Exercise description —
If an entry includes an image, drop the image and copy the rest verbatim.

[Records from a collection]
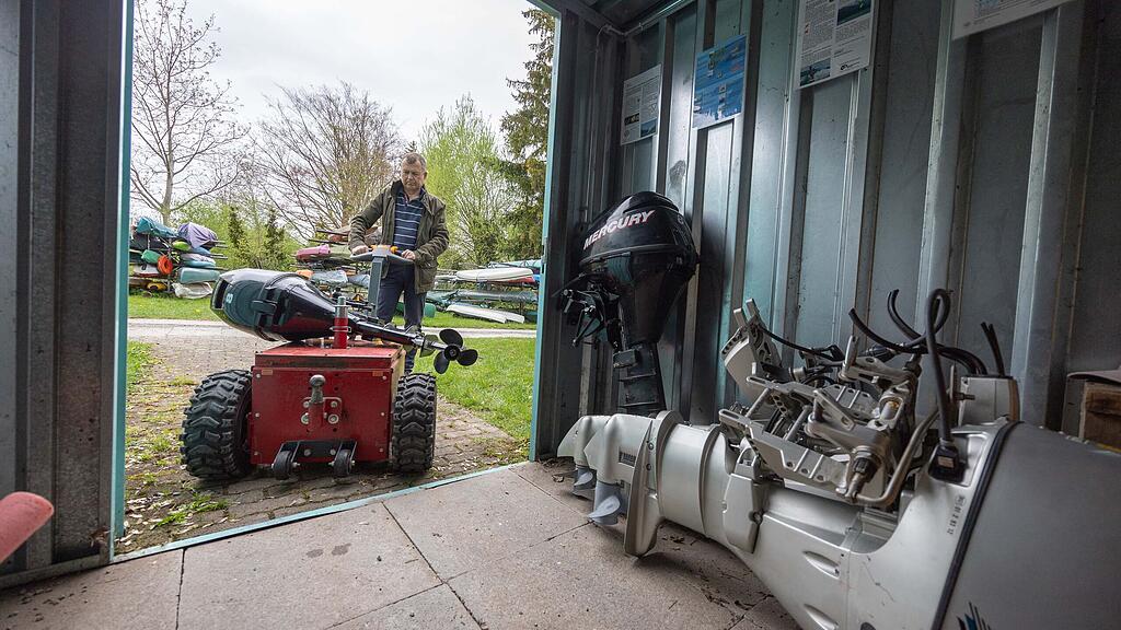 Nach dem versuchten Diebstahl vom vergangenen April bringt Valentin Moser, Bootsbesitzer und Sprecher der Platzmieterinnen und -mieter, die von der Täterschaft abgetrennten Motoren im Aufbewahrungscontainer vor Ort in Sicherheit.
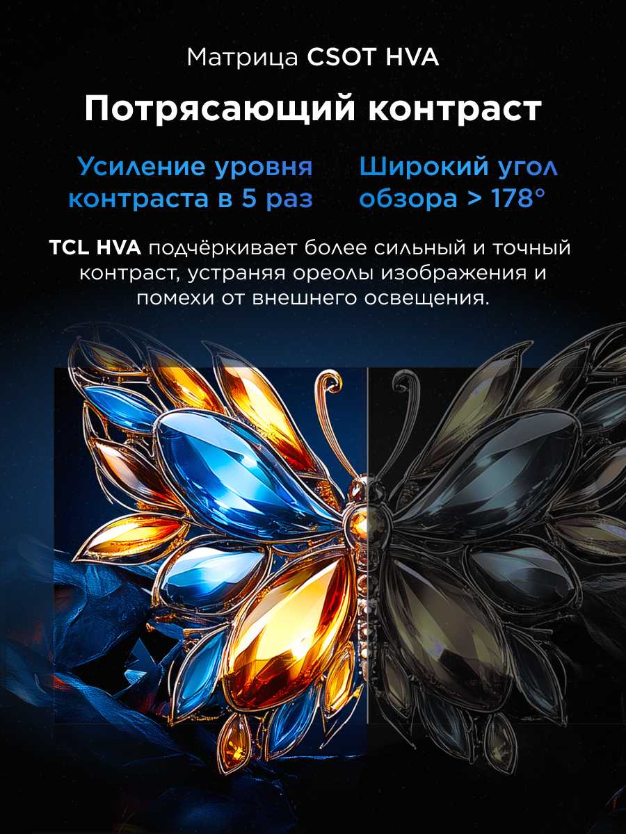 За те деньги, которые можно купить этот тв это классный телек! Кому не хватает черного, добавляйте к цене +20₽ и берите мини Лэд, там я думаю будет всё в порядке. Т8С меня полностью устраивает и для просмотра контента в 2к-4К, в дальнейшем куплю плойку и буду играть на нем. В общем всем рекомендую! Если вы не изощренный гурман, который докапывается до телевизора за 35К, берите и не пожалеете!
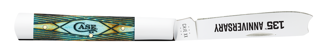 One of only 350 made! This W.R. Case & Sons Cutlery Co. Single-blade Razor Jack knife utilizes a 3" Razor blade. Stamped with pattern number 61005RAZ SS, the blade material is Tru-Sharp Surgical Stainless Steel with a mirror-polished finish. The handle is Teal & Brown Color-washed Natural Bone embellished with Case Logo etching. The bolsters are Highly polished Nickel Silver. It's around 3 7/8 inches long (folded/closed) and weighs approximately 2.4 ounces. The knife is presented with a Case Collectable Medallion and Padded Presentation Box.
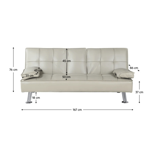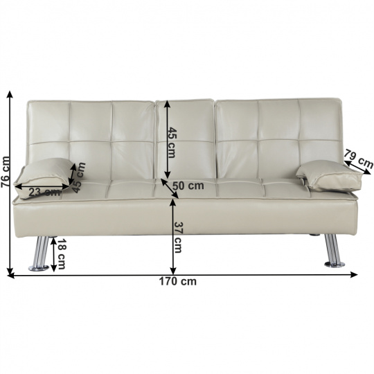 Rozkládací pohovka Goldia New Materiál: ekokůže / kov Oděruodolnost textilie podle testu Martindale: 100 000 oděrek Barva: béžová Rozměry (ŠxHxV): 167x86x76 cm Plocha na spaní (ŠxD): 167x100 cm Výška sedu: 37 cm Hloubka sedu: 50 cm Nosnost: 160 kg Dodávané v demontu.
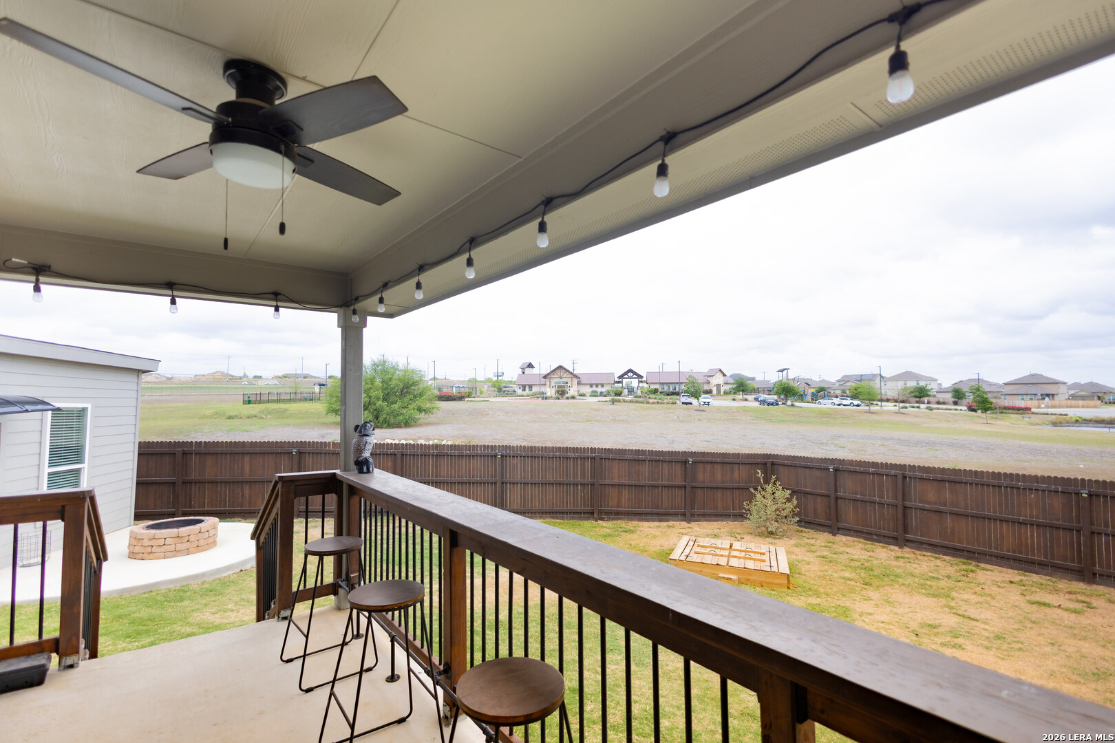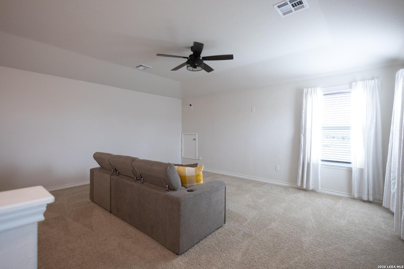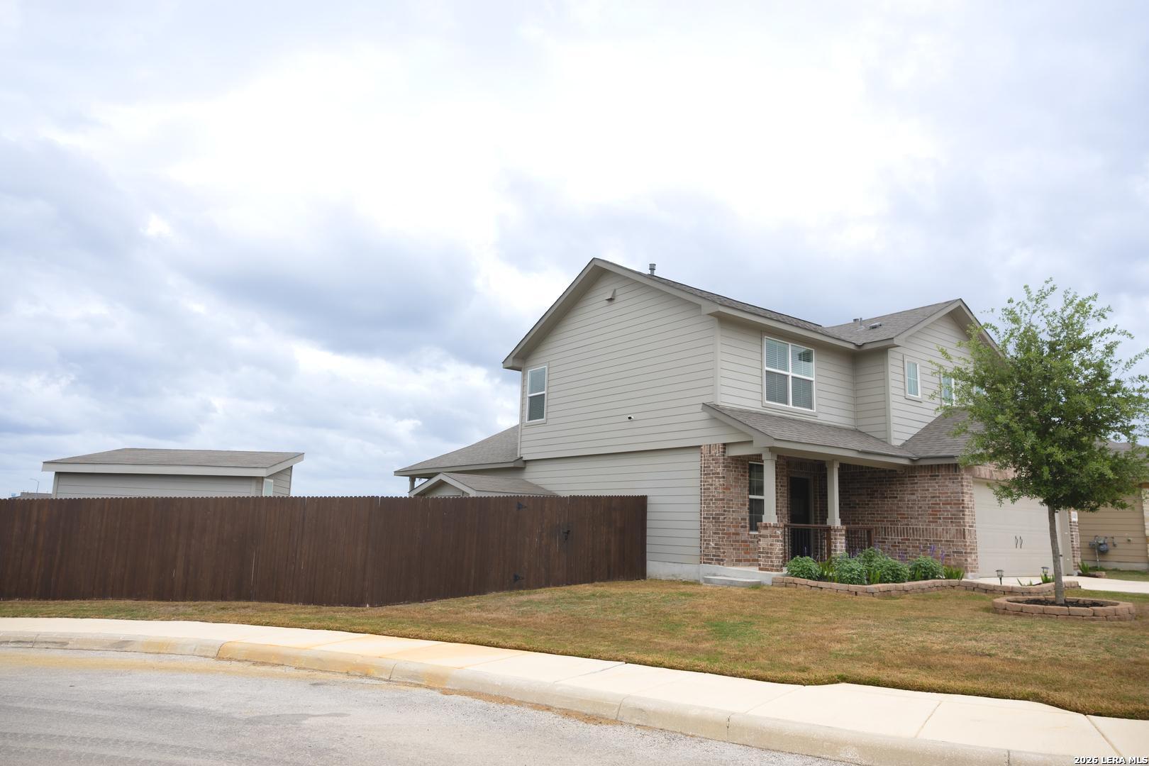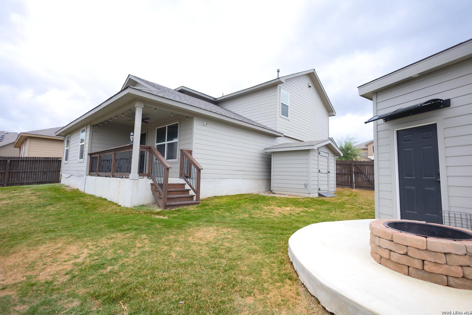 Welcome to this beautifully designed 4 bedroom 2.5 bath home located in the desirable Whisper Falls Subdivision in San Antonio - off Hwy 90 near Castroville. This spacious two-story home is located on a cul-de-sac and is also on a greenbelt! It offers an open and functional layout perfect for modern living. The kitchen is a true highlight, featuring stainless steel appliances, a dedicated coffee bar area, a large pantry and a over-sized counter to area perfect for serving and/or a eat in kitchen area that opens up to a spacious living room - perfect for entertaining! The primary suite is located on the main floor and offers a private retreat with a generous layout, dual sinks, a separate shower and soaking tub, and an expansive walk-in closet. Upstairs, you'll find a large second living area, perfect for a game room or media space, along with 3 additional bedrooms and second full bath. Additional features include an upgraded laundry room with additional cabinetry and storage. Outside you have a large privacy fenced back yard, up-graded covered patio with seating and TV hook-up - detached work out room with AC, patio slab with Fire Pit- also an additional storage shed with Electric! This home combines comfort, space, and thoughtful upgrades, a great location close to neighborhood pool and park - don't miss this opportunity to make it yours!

Exercise answer —
 Nach dem versuchten Diebstahl vom vergangenen April bringt Valentin Moser, Bootsbesitzer und Sprecher der Platzmieterinnen und -mieter, die von der Täterschaft abgetrennten Motoren im Aufbewahrungscontainer vor Ort in Sicherheit.
 За те деньги, которые можно купить этот тв это классный телек! Кому не хватает черного, добавляйте к цене +20₽ и берите мини Лэд, там я думаю будет всё в порядке. Т8С меня полностью устраивает и для просмотра контента в 2к-4К, в дальнейшем куплю плойку и буду играть на нем. В общем всем рекомендую! Если вы не изощренный гурман, который докапывается до телевизора за 35К, берите и не пожалеете!
 One of only 350 made! This W.R. Case & Sons Cutlery Co. Single-blade Razor Jack knife utilizes a 3" Razor blade. Stamped with pattern number 61005RAZ SS, the blade material is Tru-Sharp Surgical Stainless Steel with a mirror-polished finish. The handle is Teal & Brown Color-washed Natural Bone embellished with Case Logo etching. The bolsters are Highly polished Nickel Silver. It's around 3 7/8 inches long (folded/closed) and weighs approximately 2.4 ounces. The knife is presented with a Case Collectable Medallion and Padded Presentation Box.
 Rozkládací pohovka Goldia New Materiál: ekokůže / kov Oděruodolnost textilie podle testu Martindale: 100 000 oděrek Barva: béžová Rozměry (ŠxHxV): 167x86x76 cm Plocha na spaní (ŠxD): 167x100 cm Výška sedu: 37 cm Hloubka sedu: 50 cm Nosnost: 160 kg Dodávané v demontu.
 Welcome to this beautifully designed 4 bedroom 2.5 bath home located in the desirable Whisper Falls Subdivision in San Antonio - off Hwy 90 near Castroville. This spacious two-story home is located on a cul-de-sac and is also on a greenbelt! It offers an open and functional layout perfect for modern living. The kitchen is a true highlight, featuring stainless steel appliances, a dedicated coffee bar area, a large pantry and a over-sized counter to area perfect for serving and/or a eat in kitchen area that opens up to a spacious living room - perfect for entertaining! The primary suite is located on the main floor and offers a private retreat with a generous layout, dual sinks, a separate shower and soaking tub, and an expansive walk-in closet. Upstairs, you'll find a large second living area, perfect for a game room or media space, along with 3 additional bedrooms and second full bath. Additional features include an upgraded laundry room with additional cabinetry and storage. Outside you have a large privacy fenced back yard, up-graded covered patio with seating and TV hook-up - detached work out room with AC, patio slab with Fire Pit- also an additional storage shed with Electric! This home combines comfort, space, and thoughtful upgrades, a great location close to neighborhood pool and park - don't miss this opportunity to make it yours!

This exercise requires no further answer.